After 76 rounds of cross validation, there are totally 11 misclassified cases on Oxy-Hb signal. Including 8 cases of normal people and 3 cases of schizophrenic patients. The classification accuracy is 85.5%, specificity is 76.5%, sensitivity is 92.8%. Table
2 shows more details about the testing results on Oxy-Hb signal. For the Deoxy-Hb signal, there are also 11 misclassified cases. Including 8 cases of normal people and 3 cases of schizophrenic patients. The classification accuracy is 85.5%, specificity is 76.5%, sensitivity is 92.8%, the same as Oxy-Hb signal. For the total signal is shown in Table
3. There are 15 misclassified cases. Including 12 cases of normal people and 3 cases of schizophrenic patients. The classification accuracy is 80.3%, specificity is 64.7% and sensitivity is 92.8%. Here we choose Oxy-Hb signal to discriminate schizophrenic. This accuracy is especially satisfactory for the discrimination.
Table 2
Testing result of schizophrenic and healthy on Oxy-Hb signal
CBNA+SVM | | | Classified results |
| | | 1(Schizophrenia) | -1(healthy) |
| | | 47 | 29 |
Data set | 1(Schizophrenia) | 42 | 39 | 3 |
| -1(healthy) | 34 | 8 | 26 |
Accuracy of schizophrenia (SS) | 39/42=92.8% |
Accuracy of healthy((TNR)) | 26/34=76.5% |
Classification accuracy(ACC) | 65/76=85.5% |
Table 3
Testing result of schizophrenic and healthy on total signal
CBNA+SVM | | | Classified results |
| | | 1(Schizophrenia) | -1(healthy) |
| | | 61 | 25 |
Data set | 1(Schizophrenia) | 42 | 39 | 3 |
| -1(healthy) | 34 | 12 | 22 |
Accuracy of schizophrenia (SS) | 39/42=92.8% |
Accuracy of healthy((TNR)) | 22/34=64.7% |
Classification accuracy(ACC) | 61/76=80.3% |
Conclusion
Our study demonstrated that the designed task is an effective experimental paradigm.

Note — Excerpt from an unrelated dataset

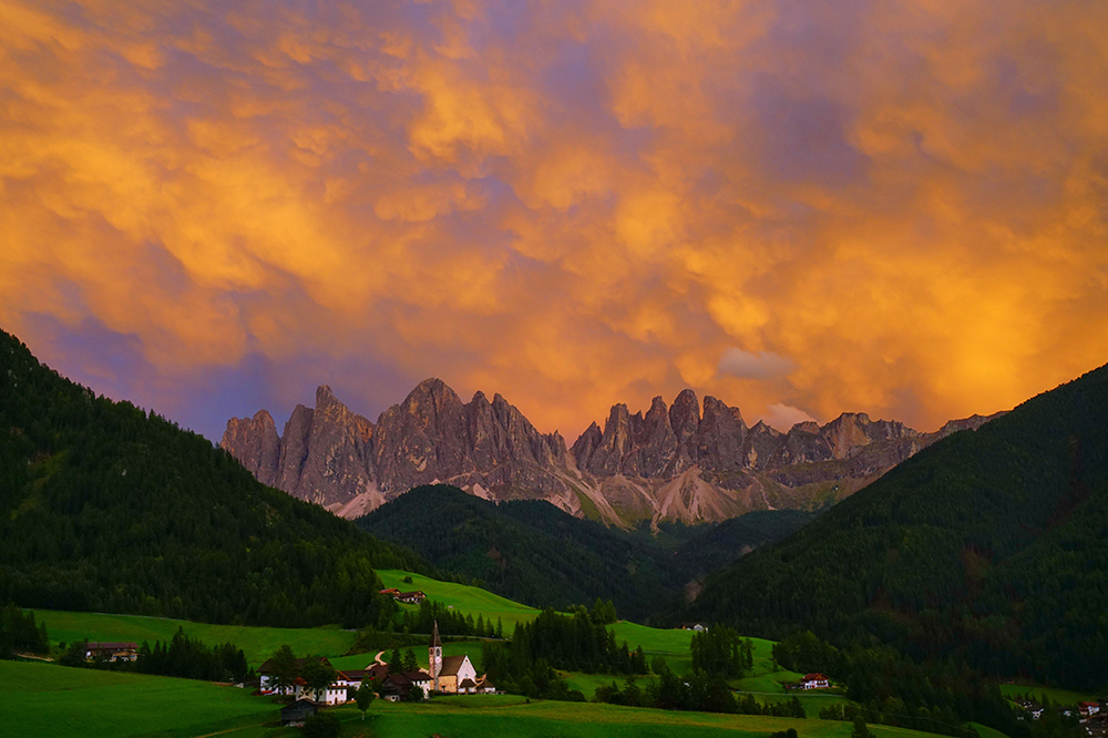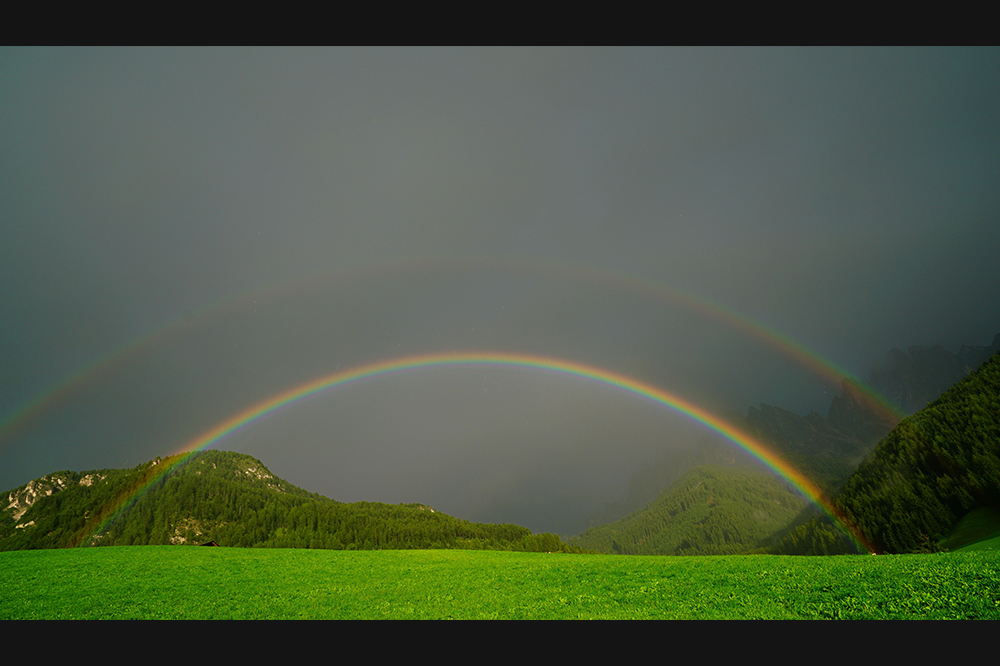こちらはイタリアのフネスという村で撮った虹の写真です。虹は非常に暗いんですが、シャッタースピードは遅いのにこの高解像感はすごい。なおかつしっかりと端の方までぶれずに、流れずに、高い解像感で撮れています。これは16-35mm(SEL1635Z)で撮影しましたが、この組み合わせは僕のベースになっています。少し降っている雨も、結構つぶれずに残っています。

Compared with healthy controls, the multichannel fNIRS results on the sample confirmed that schizophrenia patients in the Chinese population had significant lower brain activation over the prefrontal cortex and superior temporal cortex. Finnally, we achieved a considerable overall classification accuracy of 85.5% (65/76) using the SVM classifier and CBNA based feature selection on the oxy-Hb signal. Thus, SVM had the good classification performance especially after performing the CBNA based feature selection. Our results illustrated that, by using the appropriate classification method, fNIRS represents a promising diagnostic tool to differentiate schizophrenia patients from healthy controls.
Acknowledgements
The authors would like to thank the staff of Peking University Sixth Hospital for welcoming and assisting the research team and the interview participants for their time.